Matt and I had been sleeping in the same bed now for the past two weeks, and things were progressing in the sense it had started to feel more natural to have him beside me all night. We’d had sex only a couple more times, and while it had been nice to share that closeness with someone—my body certainly craved the release—I couldn’t shake the feeling I was being unfaithful. It hovered over me, settled like a sickness in my gut even when I tried to push it away and remind myselfI waswith Matt. Thinking about Daniel was actually the unfaithful act.

I told Dr. Kay I’d decided not to contact Daniel, and she listened carefully as I unleashed my frustrations in the safety of our session about everyone keeping the truth from me. After acknowledging my resentment, she said, “Everyone is trying to help you, Lucy. The best way they know how. And they won’t always get it right.”

What could I say? Of course they were trying. They loved me. I felt bad after what she said, for the stunt I pulled by locking myself in the room and making everyone worry. But Dr. Kay wouldn’t let me get too self-pitying, either. “Own your feelings, Lucy. But don’t try to control or suppress them. No one expects you to get it right all the time, either.”

She asked what had set my mind about not contacting Daniel, and I admitted that while part of me still wanted to see him, a greater part of me wanted to let him go.

“What do you think you need, Lucy?”

“I don’t think I need that anymore. To see Daniel, I mean. What I need is to convince my brain to accept the truth, because it’s still hanging on to last year’s news.” I smiled, or at least I tried hard. “Do you know how impossible it is to try to get your brain to convince your, well, brain what it believes isn’t true?”

“I’m guessing it’s not easy,” Dr. Kay said. “Not at all.”

No, it isn’t.

* * *

When Matt and I arrived, the party was already in full swing. If I thought I was prepared to be out at a bar, I was wrong. Between the sounds of celebratory voices, the band playing full tilt and so many bodies packed into the room, I could barely catch my breath. I focused on my belly, extending it with a deep breath, then letting it out with a low, controlled hiss. It helped somewhat, so I did it a few more times as Matt clutched my hand and led me toward the bar.

We stood in line and he leaned close. “You okay?”
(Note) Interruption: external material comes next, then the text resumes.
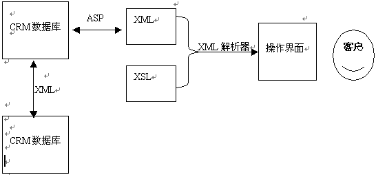 包括客戶資料,銷售報(bào)表等相關(guān)的客服信息都存儲在數(shù)據(jù)庫中,通過ASP應(yīng)用程序取出需要的數(shù)據(jù)生成符合條件的XML文檔,再通過安裝在服務(wù)器端的XML解析器按照預(yù)先設(shè)定的排版樣式XSL解析XML文檔,最后生成符合條件的HTML格式的CRM操作界面呈現(xiàn)在客戶面前。客戶數(shù)據(jù)可能來自不同的數(shù)據(jù)庫,并且都有各自不同的復(fù)雜格式。但客戶與這些數(shù)據(jù)庫間只通過一種標(biāo)準(zhǔn)語言進(jìn)行交互,那就是XML。由于XML的自定義性及可擴(kuò)展性,它足以表達(dá)各種類型的數(shù)據(jù)?蛻羰盏綌(shù)據(jù)后可以進(jìn)行處理,也可以在不同數(shù)據(jù)庫間進(jìn)行傳遞。

“Stop asking me that,” I snapped, then immediately regretted it when Matt dropped my hand, looking stung. My emotional pendulum swung from swift anger to remorse, and I swallowed hard as I forced the necessary apology to my lips. “Sorry. I’m okay. Thanks.”

Matt nodded, then gave his body a little shake—rolling his shoulders a couple of times and jumping up and down a few inches while we waited in line, as though he were getting ready for a race. It was what he did when he was nervous, needed to release energy so he could focus.

“Gin and soda?” Matt asked as we approached the bar.

“Please. Lots of lime.”

He was leaning on the bar, about to give our drink order, but then he turned back to me. “You want lime?”